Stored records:
*** Block opens ***

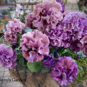2pic目です😊 【パンジー】 サトウ園芸 『ローブ ドゥ アントワネット』 サトウ園芸のハウスの親株さんを褒めてばかりいたら 私も見て〜❗️と言わんばかりに 爆咲きしてきました🥰💕 嬉しいなぁ〜❣️ 〜草花の様子〜 種まきっ子で 初めてふりふりぶりぶりの子が咲いた‼️ (このpic の子では無いです。まだまだおちびです!) どう見ても『アントワネット』😍 やった〜💕 寄せ植えにしていたクローバー🍀がもりもりになってしまっていたので、半分ぐらい移植させました😊 頑張って大きくなるんだよ〜😊💕 『ドラキュラ』の札を挿しておいた子は どう見ても『シエルブリエ』 入れ替わっタネ〜😅 ここに来てふりふり系の子(ほぼシエルブリエ)も開花してきました🥰 (種で育てた子達は自分だけで楽しみます😊)
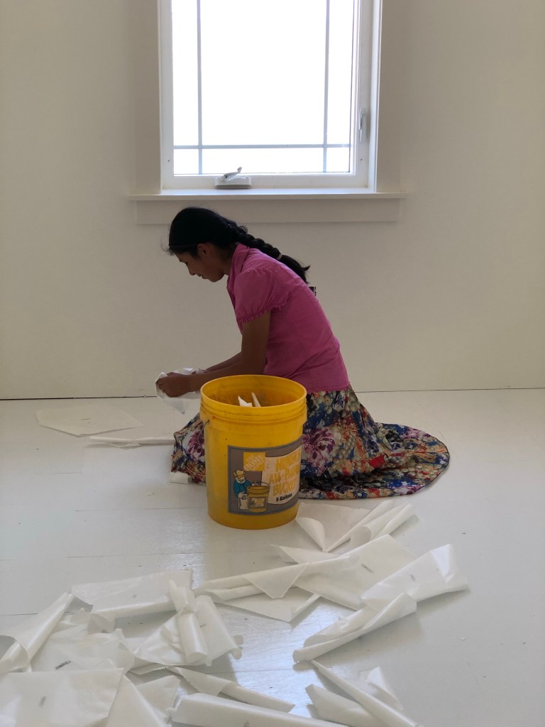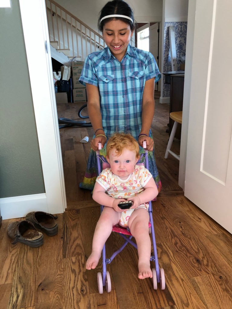 Elsie is in the middle of painting the house exterior. Right now you can see exactly how high the ladder goes!
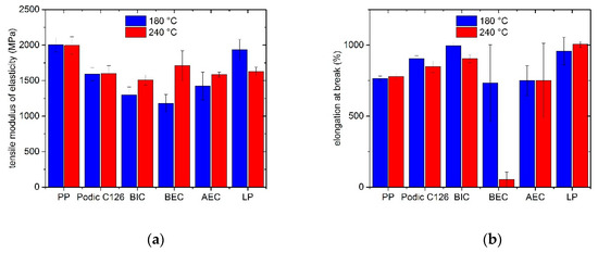 Results of the tensile test: (a) tensile modulus of elasticity and (b) elongation at break of the model mixtures extruded at 180 °C and 240 °C.
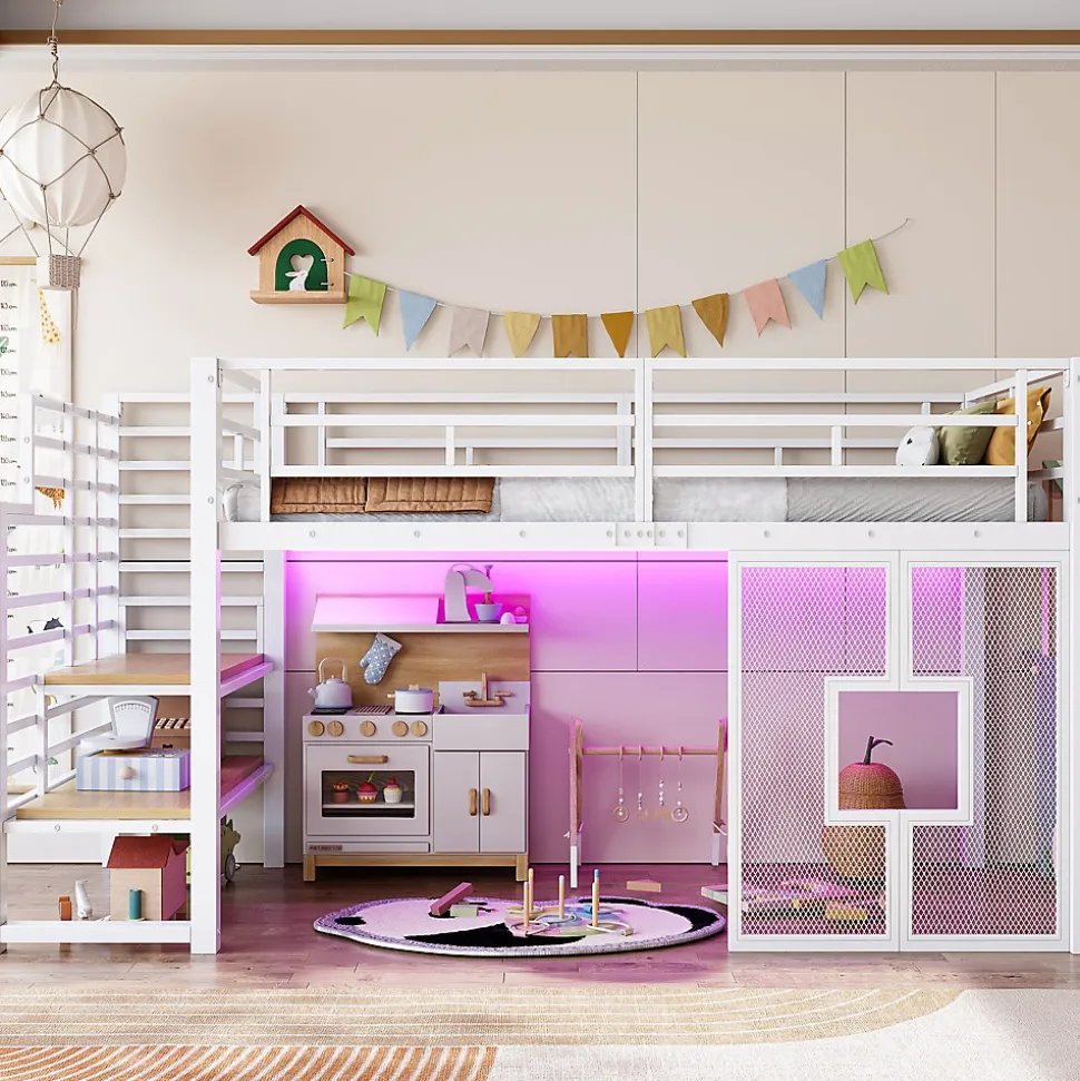 - 【Lit Mezzanine Gain de Place】 Ce lit mezzanine en métal maximise l’espace vertical en combinant un lit supérieur confortable avec un bureau intégré et des rangements, créant un environnement fonctionnel et pratique pour chaque chambre.
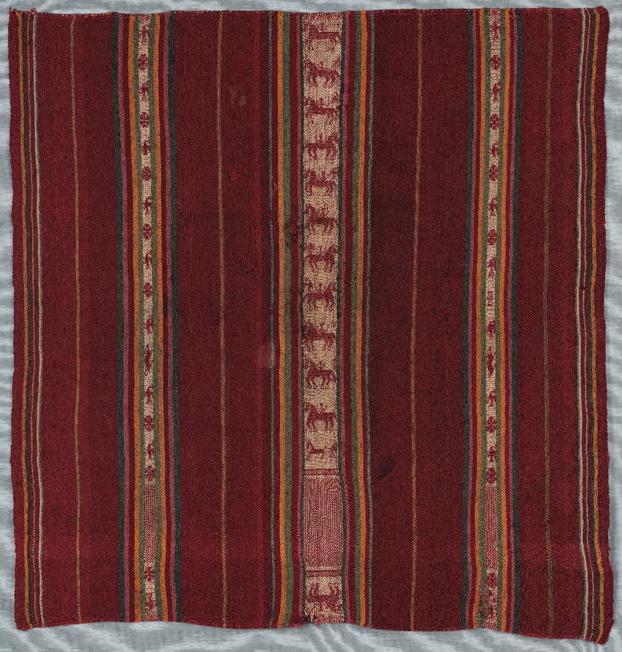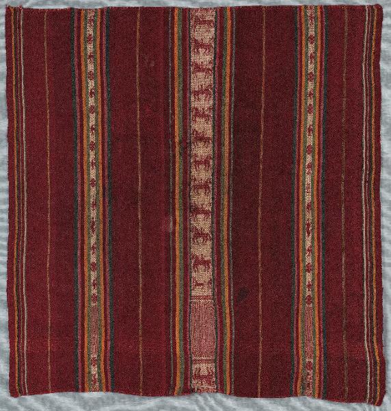 Metà di poncho (?) a fondo rosso con disegni in bande verticali verso gli estremi del tessuto dove si rappresentano fiori, "patos de lago" e un roditore (vizcacha?), le bande centrali rappresentano invece dei cavalieri.
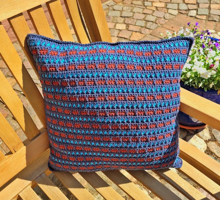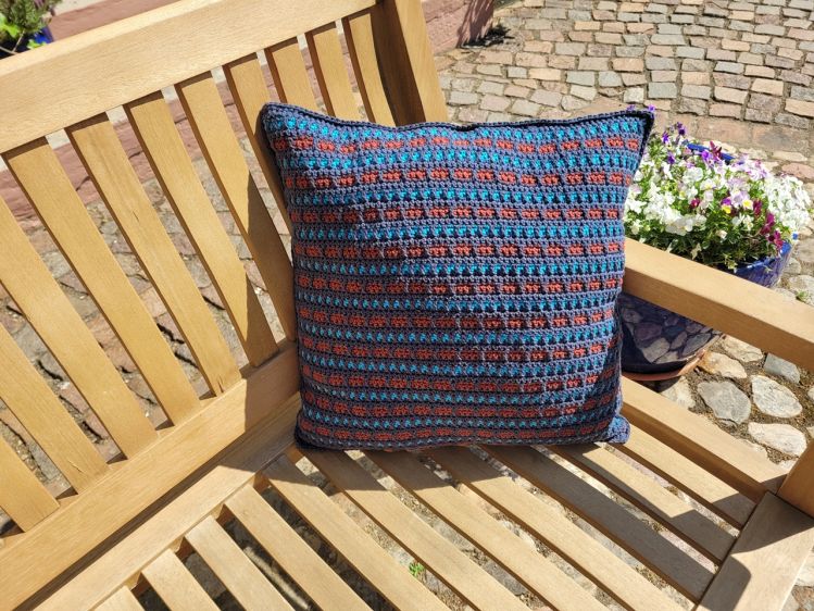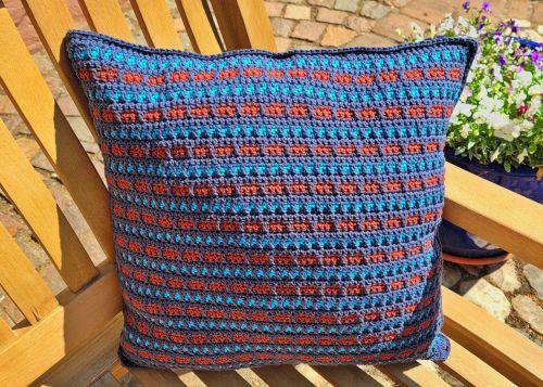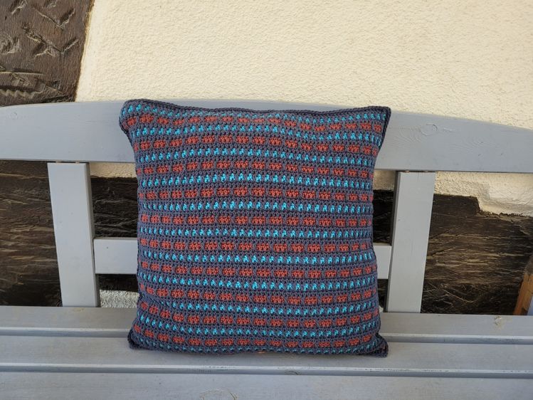 Für deine Wohnumgebung ideal, aber auch für Balkon und Terrasse. Der Kissenbezug Pablo. Das Muster gehört zu den Mosaikmustern und ist einfach gehäkelt, aber mit ganz großer Wirkung. Du brauchst Garn für die Häkelnadel 4 oder 4,5 wenn du fest häkelst. Von der Hauptfarbe benötigst du für beide Seiten zusammen ca 150 Gramm, für die Schmuckfarben je 100 Gramm. Ich habe verwendet Miro 4fach von Schoppelwolle.

*** Block closes ***

_TASK TO CARRY OUT_. Reproduce every line above exactly as written, omitting the images.

_YOUR RESPONSE_.
2pic目です😊 【パンジー】 サトウ園芸 『ローブ ドゥ アントワネット』 サトウ園芸のハウスの親株さんを褒めてばかりいたら 私も見て〜❗️と言わんばかりに 爆咲きしてきました🥰💕 嬉しいなぁ〜❣️ 〜草花の様子〜 種まきっ子で 初めてふりふりぶりぶりの子が咲いた‼️ (このpic の子では無いです。まだまだおちびです!) どう見ても『アントワネット』😍 やった〜💕 寄せ植えにしていたクローバー🍀がもりもりになってしまっていたので、半分ぐらい移植させました😊 頑張って大きくなるんだよ〜😊💕 『ドラキュラ』の札を挿しておいた子は どう見ても『シエルブリエ』 入れ替わっタネ〜😅 ここに来てふりふり系の子(ほぼシエルブリエ)も開花してきました🥰 (種で育てた子達は自分だけで楽しみます😊)
 Elsie is in the middle of painting the house exterior. Right now you can see exactly how high the ladder goes!
 Results of the tensile test: (a) tensile modulus of elasticity and (b) elongation at break of the model mixtures extruded at 180 °C and 240 °C.
 - 【Lit Mezzanine Gain de Place】 Ce lit mezzanine en métal maximise l’espace vertical en combinant un lit supérieur confortable avec un bureau intégré et des rangements, créant un environnement fonctionnel et pratique pour chaque chambre.
 Metà di poncho (?) a fondo rosso con disegni in bande verticali verso gli estremi del tessuto dove si rappresentano fiori, "patos de lago" e un roditore (vizcacha?), le bande centrali rappresentano invece dei cavalieri.
 Für deine Wohnumgebung ideal, aber auch für Balkon und Terrasse. Der Kissenbezug Pablo. Das Muster gehört zu den Mosaikmustern und ist einfach gehäkelt, aber mit ganz großer Wirkung. Du brauchst Garn für die Häkelnadel 4 oder 4,5 wenn du fest häkelst. Von der Hauptfarbe benötigst du für beide Seiten zusammen ca 150 Gramm, für die Schmuckfarben je 100 Gramm. Ich habe verwendet Miro 4fach von Schoppelwolle.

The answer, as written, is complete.